As a parent of an infant, you’ve probably experienced that heart-wrenching moment: you try to leave the room—or drop your baby off with a caregiver—and suddenly, tears. Big ones. Outstretched arms. That panicked look. You wonder, Did I do something wrong? Is my baby okay?

If this sounds familiar, take a deep breath: your baby may be going through separation anxiety. It’s one of the most common developmental stages in infancy—and while it’s challenging, it’s also a sign that your baby is growing in exactly the right way.

What Is Separation Anxiety in Infants?

Separation anxiety typically begins between 6 to 9 months of age, though it can start a little earlier or later. It happens when your baby begins to understand that people still exist even when they’re not in sight (hello, object permanence!). That’s a huge developmental step—but it also brings with it a new worry: What if the person I love doesn’t come back?

Suddenly, even a short goodbye can feel like a big deal.
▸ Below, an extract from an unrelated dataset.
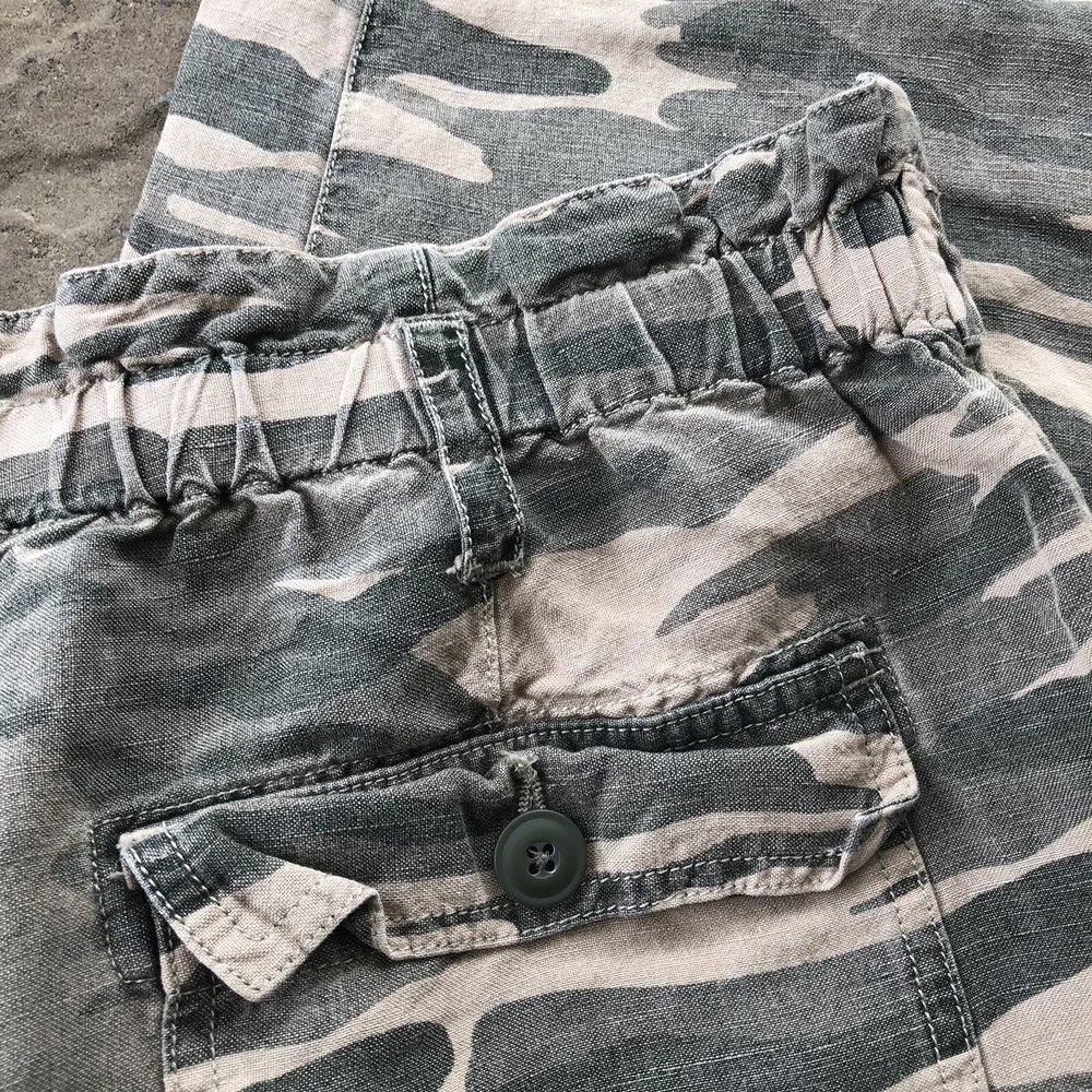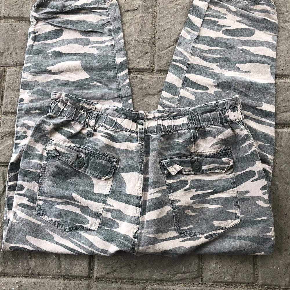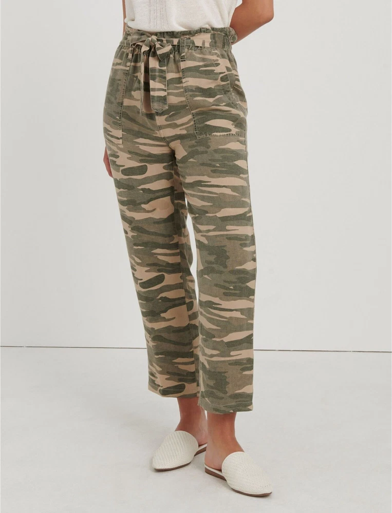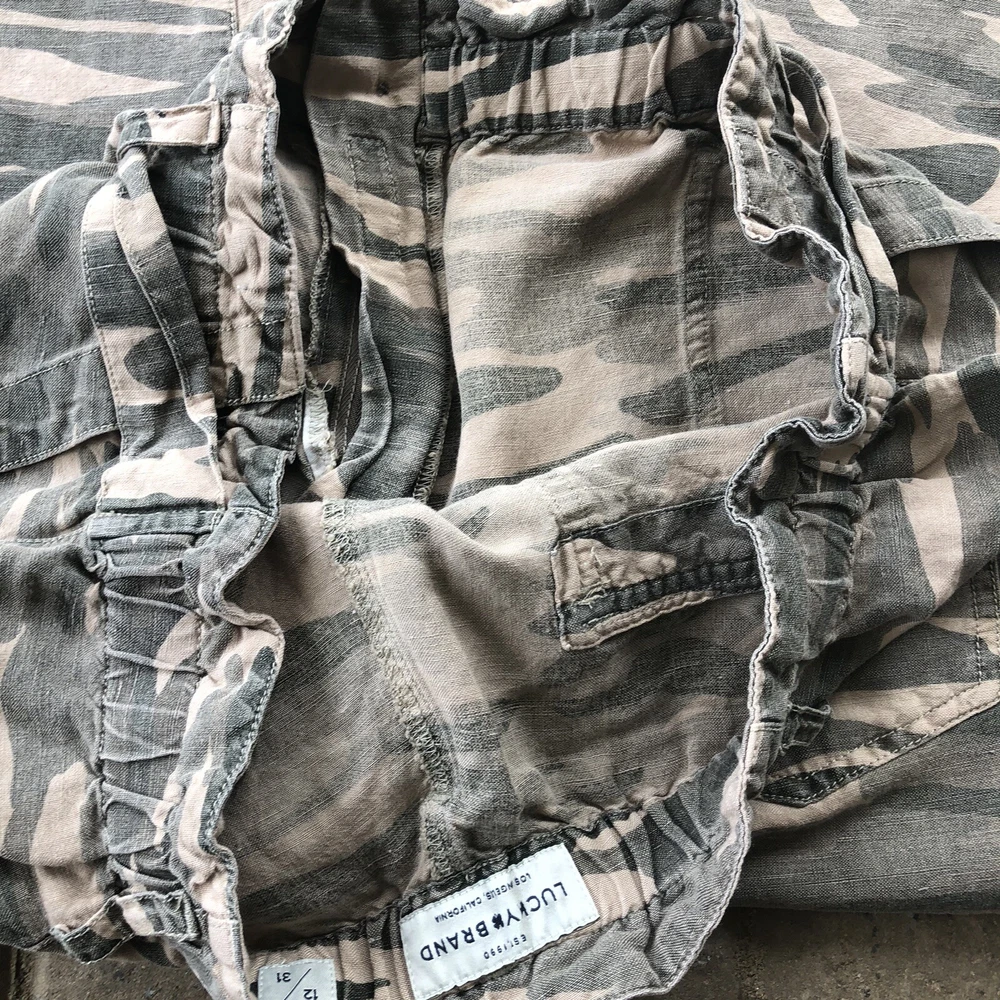 Lucky Brand Khaki Camo Soft Utility Boyfriend Ruffle Waist Linen BlenPants 12/31. Great condition 7W21002 2019 Tie waist Zip Linen rayon 17” waist flat 12” front rise 26” inseam Relaxed loose comfy fit
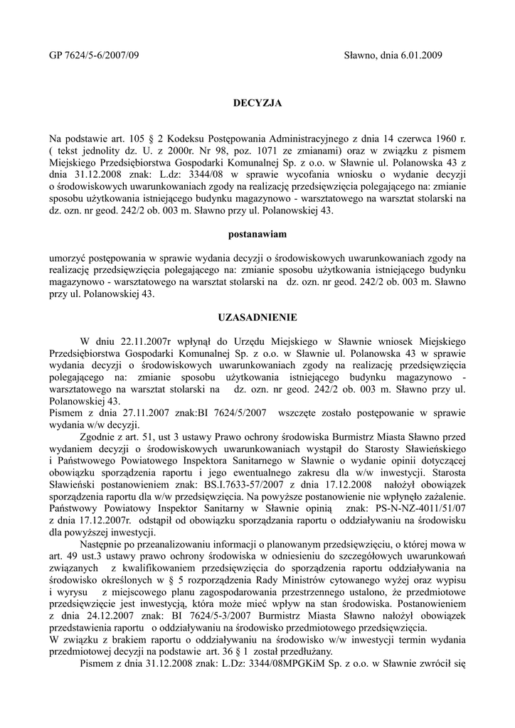 GP 7624/5-6/2007/09 Sławno, dnia 6.01.2009 DECYZJA Na podstawie art. 105 § 2 Kodeksu Postępowania Administracyjnego z dnia 14 czerwca 1960 r. ( tekst jednolity dz. U. z 2000r. Nr 98, poz. 1071 ze zmianami) oraz w związku z pismem Miejskiego Przedsiębiorstwa Gospodarki Komunalnej Sp. z o.o. w Sławnie ul. Polanowska 43 z dnia 31.12.2008 znak: L.dz: 3344/08 w sprawie wycofania wniosku o wydanie decyzji o środowiskowych uwarunkowaniach zgody na realizację przedsięwzięcia polegającego na: zmianie sposobu użytkowania istniejącego budynku magazynowo - warsztatowego na warsztat stolarski na dz. ozn. nr geod. 242/2 ob. 003 m. Sławno przy ul. Polanowskiej 43. postanawiam umorzyć postępowania w sprawie wydania decyzji o środowiskowych uwarunkowaniach zgody na realizację przedsięwzięcia polegającego na: zmianie sposobu użytkowania istniejącego budynku magazynowo - warsztatowego na warsztat stolarski na dz. ozn. nr geod. 242/2 ob. 003 m. Sławno przy ul. Polanowskiej 43. UZASADNIENIE W dniu 22.11.2007r wpłynął do Urzędu Miejskiego w Sławnie wniosek Miejskiego Przedsiębiorstwa Gospodarki Komunalnej Sp. z o.o. w Sławnie ul. Polanowska 43 w sprawie wydania decyzji o środowiskowych uwarunkowaniach zgody na realizację przedsięwzięcia polegającego na: zmianie sposobu użytkowania istniejącego budynku magazynowo warsztatowego na warsztat stolarski na dz. ozn. nr geod. 242/2 ob. 003 m. Sławno przy ul. Polanowskiej 43. Pismem z dnia 27.11.2007 znak:BI 7624/5/2007 wszczęte zostało postępowanie w sprawie wydania w/w decyzji. Zgodnie z art. 51, ust 3 ustawy Prawo ochrony środowiska Burmistrz Miasta Sławno przed wydaniem decyzji o środowiskowych uwarunkowaniach wystąpił do Starosty Sławieńskiego i Państwowego Powiatowego Inspektora Sanitarnego w Sławnie o wydanie opinii dotyczącej obowiązku sporządzenia raportu i jego ewentualnego zakresu dla w/w inwestycji. Starosta Sławieński postanowieniem znak: BS.I.7633-57/2007 z dnia 17.12.2008 nałożył obowiązek sporządzenia raportu dla w/w przedsięwzięcia. Na powyższe postanowienie nie wpłynęło zażalenie. Państwowy Powiatowy Inspektor Sanitarny w Sławnie opinią znak: PS-N-NZ-4011/51/07 z dnia 17.12.2007r. odstąpił od obowiązku sporządzania raportu o oddziaływaniu na środowisku dla powyższej inwestycji. Następnie po przeanalizowaniu informacji o planowanym przedsięwzięciu, o której mowa w art. 49 ust.3 ustawy prawo ochrony środowiska w odniesieniu do szczegółowych uwarunkowań związanych z kwalifikowaniem przedsięwzięcia do sporządzenia raportu oddziaływania na środowisko określonych w § 5 rozporządzenia Rady Ministrów cytowanego wyżej oraz wypisu i wyrysu z miejscowego planu zagospodarowania przestrzennego ustalono, że przedmiotowe przedsięwzięcie jest inwestycją, która może mieć wpływ na stan środowiska. Postanowieniem z dnia 24.12.2007 znak: BI 7624/5-3/2007 Burmistrz Miasta Sławno nałożył obowiązek przedstawienia raportu o oddziaływaniu na środowisko przedmiotowego przedsięwzięcia. W związku z brakiem raportu o oddziaływaniu na środowisko w/w inwestycji termin wydania przedmiotowej decyzji na podstawie art. 36 § 1 został przedłużany. Pismem z dnia 31.12.2008 znak: L.Dz: 3344/08MPGKiM Sp. z o.o. w Sławnie zwrócił się z prośbą o wycofanie wniosku w sprawie wydania decyzji o środowiskowych uwarunkowaniach zgody na realizację przedsięwzięcia polegającego na: zmianie sposobu użytkowania istniejącego budynku magazynowo - warsztatowego na warsztat stolarski na dz. ozn. nr geod. 242/2 ob. 003 m. Sławno przy ul. Polanowskiej 43. Z uwagi na fakt, iż o wycofanie wniosku wystąpiła strona, na której żądane postępowanie zostało wszczęte, umorzenie postępowania jest zasadne. Pouczenie Od decyzji niniejszej służy stronie prawo wniesienia odwołania do Samorządowego Kolegium Odwoławczego w Koszalinie w terminie 14 dni licząc od dnia doręczenia niniejszej decyzji za pośrednictwem organu wydającego decyzję. Otrzymują: 1. Miejskie Przedsiębiorstwo Gospodarki Komunalnej i Mieszkaniowej S-ka z o.o. w Sławnie ul. Polanowska 43, 76-100 Sławno 2. Hołowacz Barbara, ul. Polanowska 43, 76-100 Sławno 3. Zachodniopomorski Zarząd Dróg Wojewódzkich w Koszalinie ul. Szczecińska 31,75-122 Koszalin 4. Starostwo Powiatowe w Sławnie, ul. Sempołowskiej 2 a, 76-100 Sławno 5. Państwowy Powiatowy Inspektor Sanitarny w Sławnie, ul. Sempołowskiej 2 a, 76-100 Sławno 6. a/a

Signs Your Baby May Be Experiencing Separation Anxiety

  • Crying when you leave the room
  • Reaching out or clinging to you at drop-off
  • Becoming upset in new environments or with unfamiliar people
  • Waking more often at night, needing comfort

None of these are signs of a problem—they’re simply how your baby is learning to express a need for safety and connection.

Ways to Support Your Baby Through This Stage

1. Practice short, predictable separations

Start small. Leave the room for a few minutes, then come back with a smile. This helps your baby build trust that you always return.

2. Create a simple goodbye ritual

Something like a hug, kiss, and “See you soon!” gives your baby something steady and reassuring to hold onto.

3. Be calm and consistent

Babies pick up on your cues. If you’re confident and loving during goodbyes, your baby learns that everything is okay—even when you’re not right there.

4. Narrate your coming and going

Use your voice to reassure your baby: “Mommy’s going to get your lunch ready and will be right back.” Even if they don’t understand every word, the tone and rhythm of your speech is comforting.

5. Build relationships with trusted caregivers

Whether it's a family member, teacher, or babysitter, helping your baby bond with others builds a wider circle of safety and trust.

You're Doing Better Than You Think

It’s tough to leave when your baby is crying for you. And it’s okay to feel a mix of emotions about that. But separation anxiety isn’t a sign you’ve done anything wrong—it’s a sign your baby knows they are loved and safe with you.

This stage won’t last forever. In time, your baby will learn that every goodbye is followed by a joyful return—and that trust will shape their sense of security for years to come.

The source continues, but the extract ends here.